PS: What I currently think of how the YOLO works is basically each cell is assigned predetermined anchor boxes with a classifier at each end before the boxes with the highest scores for each class is then selected but I am sure it doesn't add up somewhere.
UPDATE: Made a mistake with this question, it should have been about how regular bounding boxes were decided rather than anchor/prior boxes. So I am marking #craq's answer as correct because that's how anchor boxes are decided according to the YOLO v2 paper
I think there are two questions here. Firstly, the one in the title, asking where the anchors come from. Secondly, how anchors are assigned to objects. I'll try to answer both.
Anchors are determined by a k-means procedure, looking at all the bounding boxes in your dataset.
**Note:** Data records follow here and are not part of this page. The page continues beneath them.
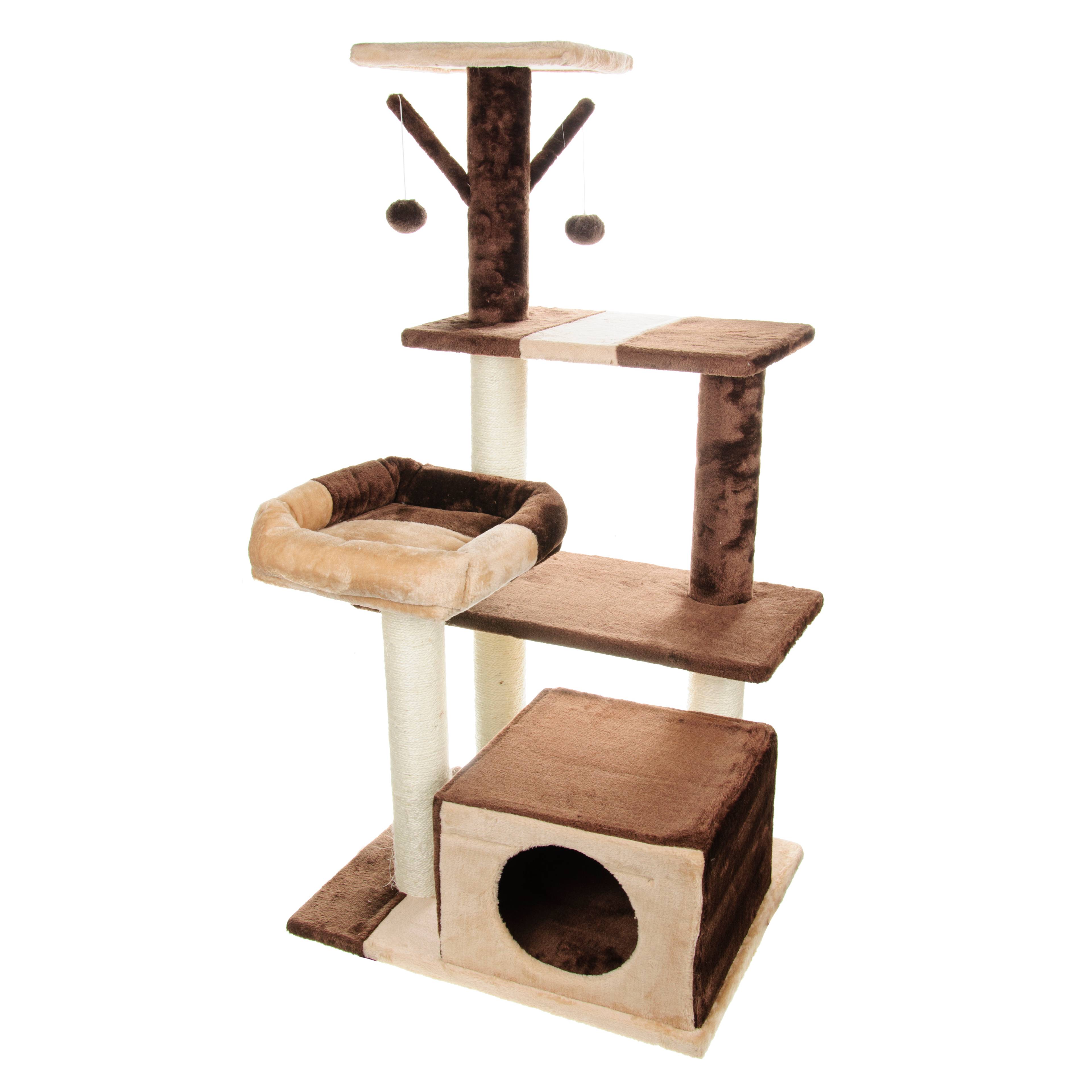 Petmax Игровой комплекс для кошек с домиком и когтеточкой CATRIN, с площадками и игрушками, бежевый/коричневый, 61х49х117 см
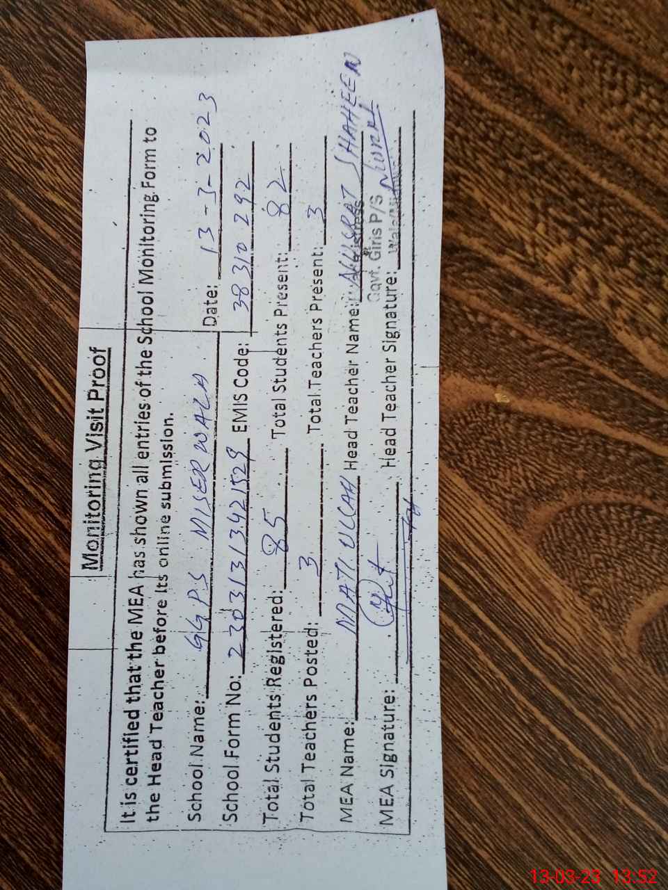 | EMIS Code: 38310292 | Name of School: GGPS MISER WALA | |||
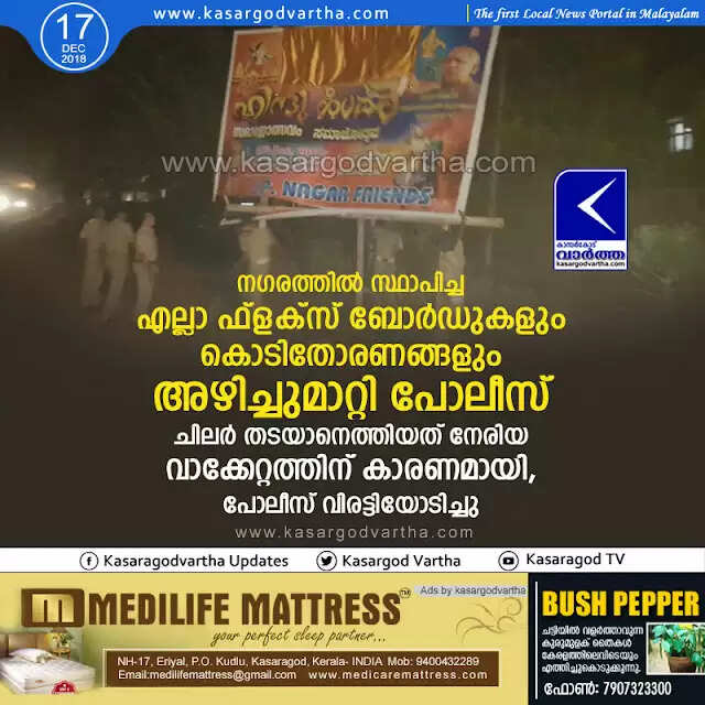 Keywords: Kasaragod, Kerala, news, Police, Flex board, Flex boards removed by Police
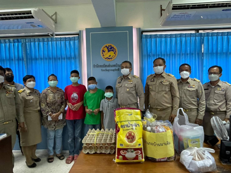 ทั้งนี้ นายวิชวุทย์ จินโต ผู้ว่าราชการจังหวัดสุราษฎร์ธานี ได้ร่วมมอบใบสูติบัตร และบัตรประชาชนให้แก่ บุตรของนางบัวทอง นวนเพ็ง ทั้ง 3 คน พร้อมมอบเงินสงเคราะห์เพื่อใช้จ่ายในครัวเรือน ข้าวสารอาหารแห้ง และของใช้จำเป็นในครัวเรือนอีกด้วย
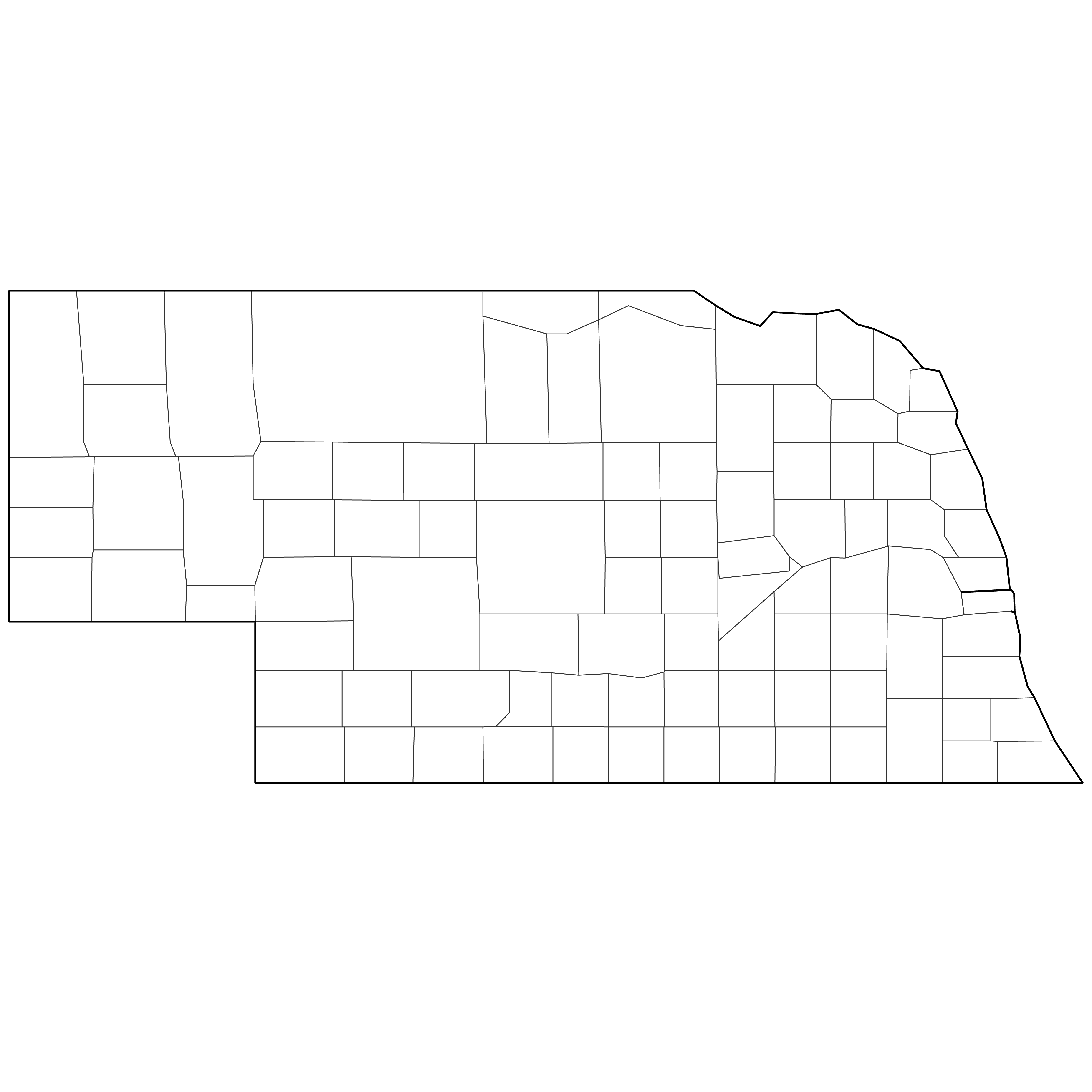 Below you can download free blank Map of Nebraska Counties in high resolution PNG or SVG formats suitable for printing or further editing. Most of the maps available in different color schemes and with different features (such as labels, roads or rivers). PNG maps are in 3600x3600px resolution and come with a transparent background.

If you're looking at vehicles, the ones you see from the side will have an aspect ratio of about 2:1 (width = 2*height). The ones viewed from in front will be roughly square, 1:1. If your dataset includes people, the aspect ratio might be 1:3. Foreground objects will be large, background objects will be small. The k-means routine will figure out a selection of anchors that represent your dataset. k=5 for yolov3, but there are different numbers of anchors for each YOLO version.
It's useful to have anchors that represent your dataset, because YOLO learns how to make small adjustments to the anchor boxes in order to create an accurate bounding box for your object. YOLO can learn small adjustments better/easier than large ones.
The assignment problem is trickier. As I understand it, part of the training process is for YOLO to learn which anchors to use for which object. So the "assignment" isn't deterministic like it might be for the Hungarian algorithm. Because of this, in general, multiple anchors will detect each object, and you need to do non-max-suppression afterwards in order to pick the "best" one (i.e. highest confidence).
There are a couple of points that I needed to understand before I came to grips with anchors:
Anchors can be any size, so they can extend beyond the boundaries of
the 13x13 grid cells. They have to be, in order to detect large
objects.
Anchors only enter in the final layers of YOLO. YOLO's neural network makes 13x13x5=845 predictions (assuming a 13x13 grid and 5 anchors). The predictions are interpreted as offsets to anchors from which to calculate a bounding box. (The predictions also include a confidence/objectness score and a class label.)
YOLO's loss function compares each object in the ground truth with one anchor. It picks the anchor (before any offsets) with highest IoU compared to the ground truth. Then the predictions are added as offsets to the anchor. All other anchors are designated as background.
If anchors which have been assigned to objects have high IoU, their loss is small. Anchors which have not been assigned to objects should predict background by setting confidence close to zero. The final loss function is a combination from all anchors. Since YOLO tries to minimise its overall loss function, the anchor closest to ground truth gets trained to recognise the object, and the other anchors get trained to ignore it.
The following pages helped my understanding of YOLO's anchors:
https://medium.com/#vivek.yadav/part-1-generating-anchor-boxes-for-yolo-like-network-for-vehicle-detection-using-kitti-dataset-b2fe033e5807
https://github.com/pjreddie/darknet/issues/568
I think that your statement about the number of predictions of the network could be misleading. Assuming a 13 x 13 grid and 5 anchor boxes the output of the network has, as I understand it, the following shape: 13 x 13 x 5 x (2+2+nbOfClasses)
13 x 13: the grid
x 5: the anchors
x (2+2+nbOfClasses): (x, y)-coordinates of the center of the bounding box (in the coordinate system of each cell), (h, w)-deviation of the bounding box (deviation to the prior anchor boxes) and a softmax activated class vector indicating a probability for each class.